I am working on an easy project, which is simply a scene downloaded from the asset store.
While the movements on the screen seem ok, on the Vive HMD it’s awfully shaky.
My GPU is an R9 390 with 8GB VRAM, is the amount of polygons in the attached image the issue ?
Thanks.
I’m not developing on the Vive, but I would say the first thing you need to look at for optimization is radically reducing the batches, 3342 is very high, even for PC VR (I’m working on Gear VR, where I’m aiming to keep it below 50 batches per frame).
If it were me I would want to get that down to the low-mid hundreds at most, and definitely get it as low as possible overall through atlasing textures together, using as few materials and utilize static batching as much as possible.
Reducing the batch count will really help the CPU, notice the CPU is at 53ms, this needs lowering substantially. Hope this helps.
Quite some new terms for me, thanks for the batch hint. The building indeed improves performance by optimizing batches, but I will look closer at this parameter. How could I influence it, better than deleting assets ?
3000+ shadow casters will give you some performance problems. If the light source won’t move you can bake them. Use the profiler instead of that performance stats box so you can see exactly what’s causing it to be so slow. For good VR on Vive or Oculus you need the CPU and GPU to complete in 11ms combined (90fps) (unbuffered).
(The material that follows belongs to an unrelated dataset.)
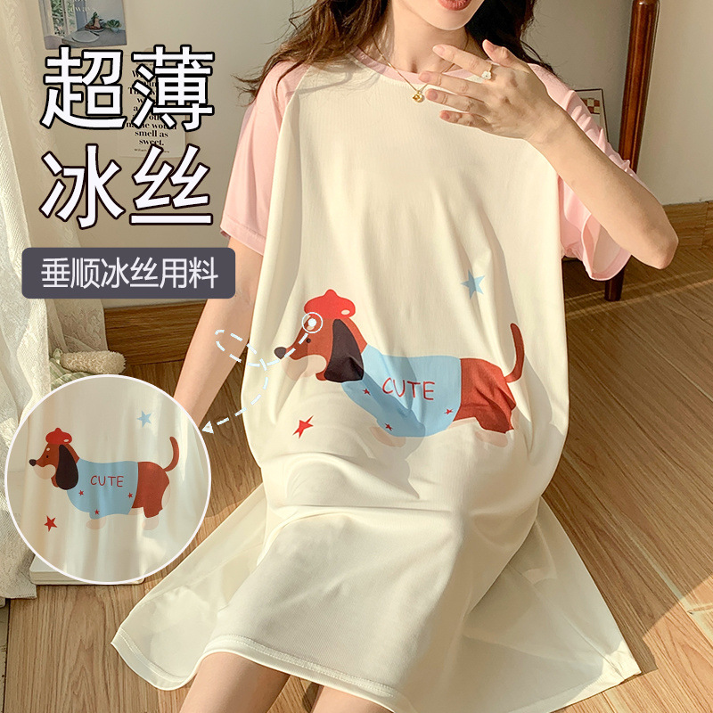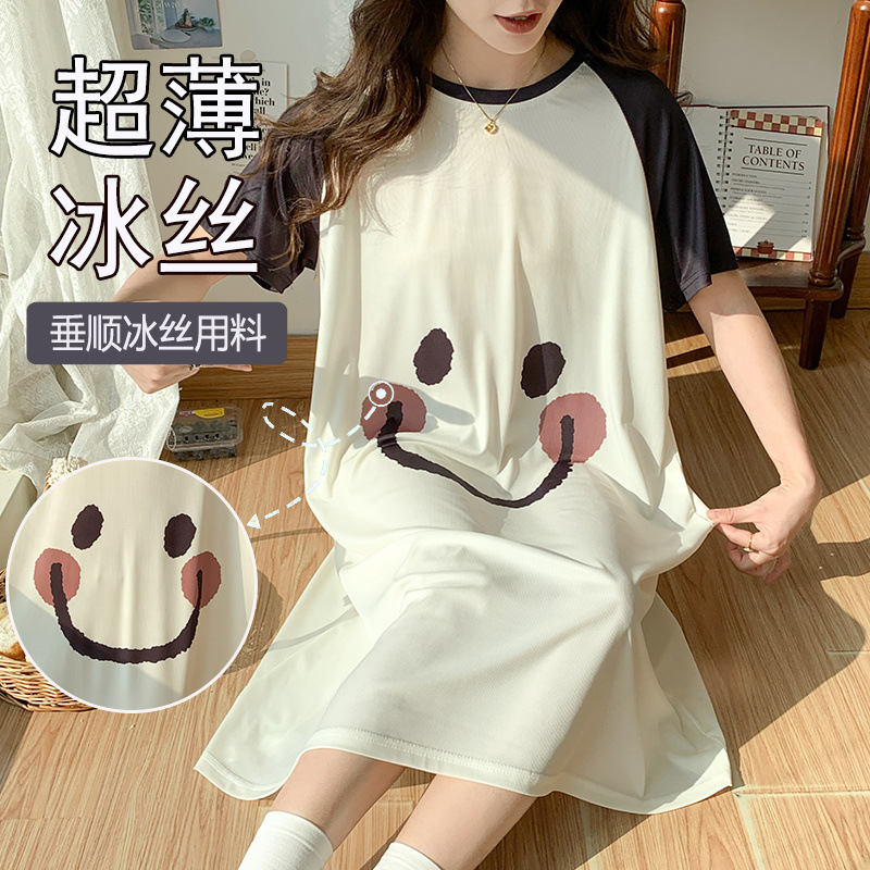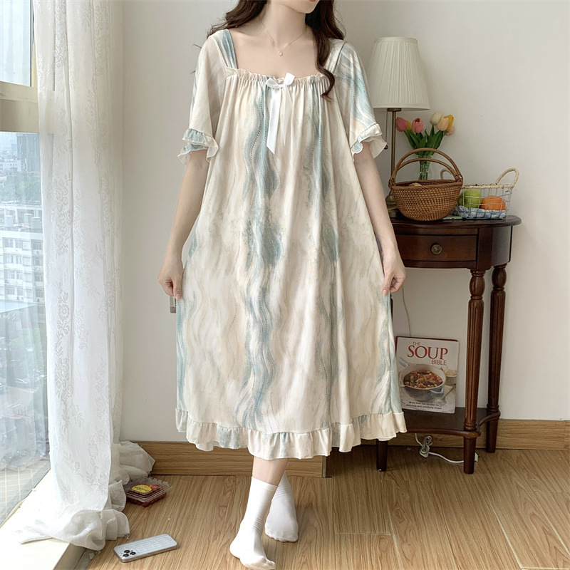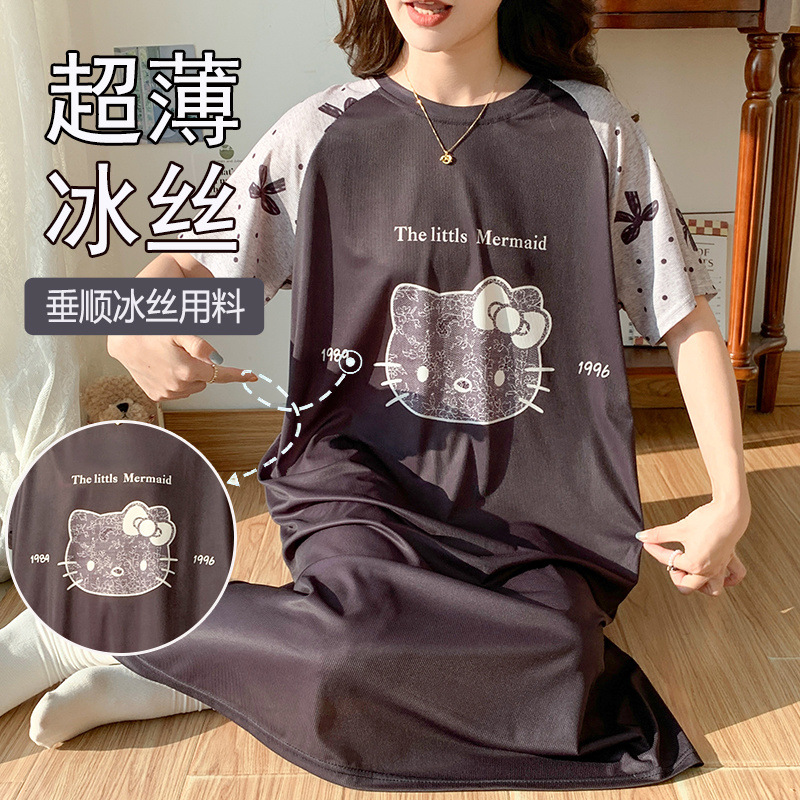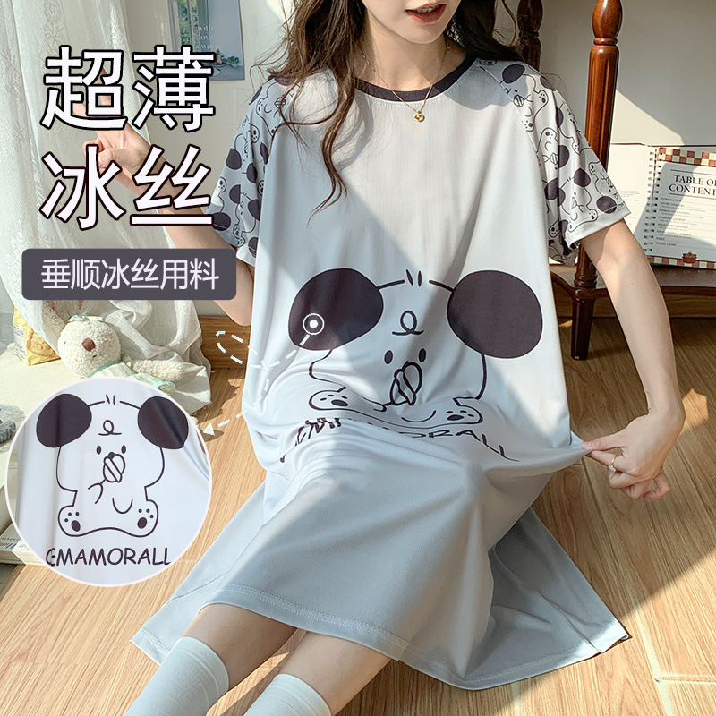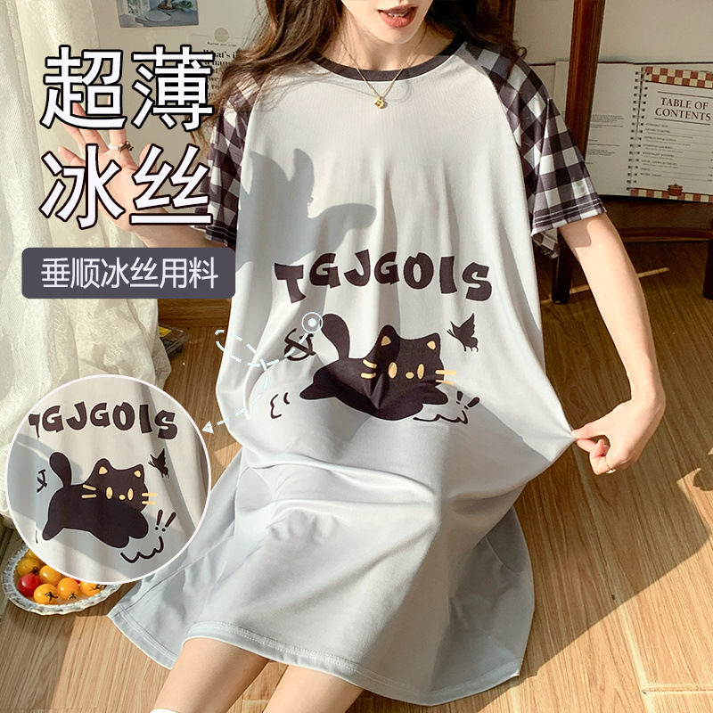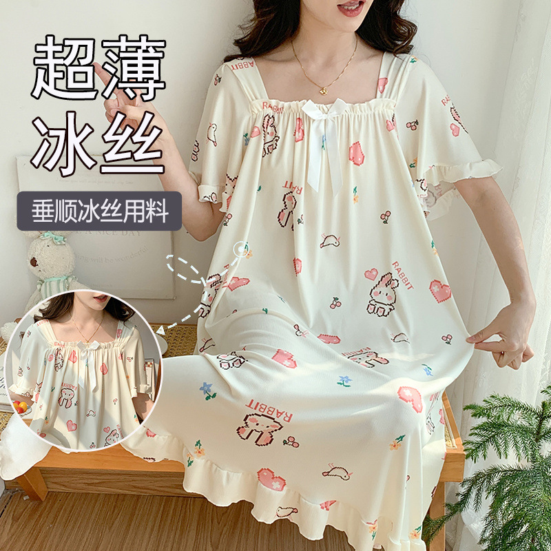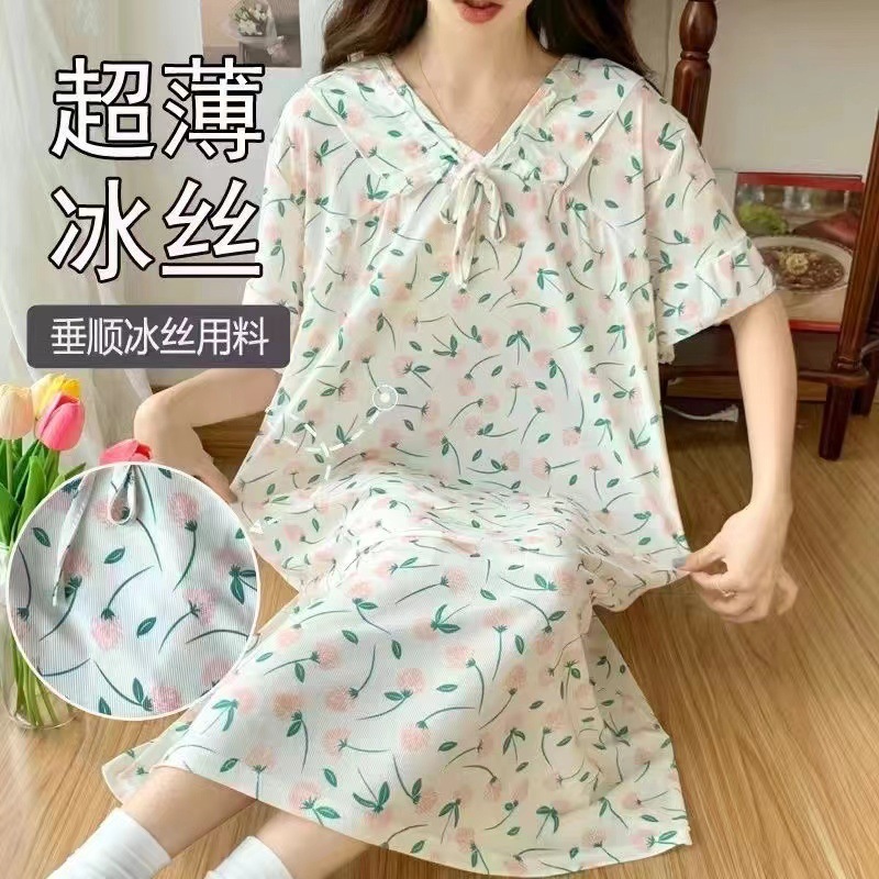 반팔 아이스 실크 잠옷 여름 150.00kg 플러스 사이즈 느슨한 얇은 통통녀 공주 잠옷 달콤한 무릎 원피스스토어 가기

Another thing you can do to reduce batch count (draw calls) is reduce the number of unique materials. The more materials can be shared, the fewer draw calls you’ll typically have. I’ve noticed some art assets on the asset store are not optimized at all in that area.
There’s an asset called Mesh Baker that will combine textures into larger texture sheets called “atlas” textures and adjust the meshes to use those new texture coordinates. It’s specifically meant as a way to reduce draw calls:
As Steve Tack touched on, the best way to influence the number of batches is to combine all like-materials together as much as possible (for example, if you have 10 materials that all use the same material type, eg. Bumped/Diffuse, then combine these together into one Bumped/Diffuse material, then do this for other material types, eg, transparent etc). So as an example you would put all the textures onto one large sheet together and then adjust all the UV"s for the meshes to represent that new place on the texture map.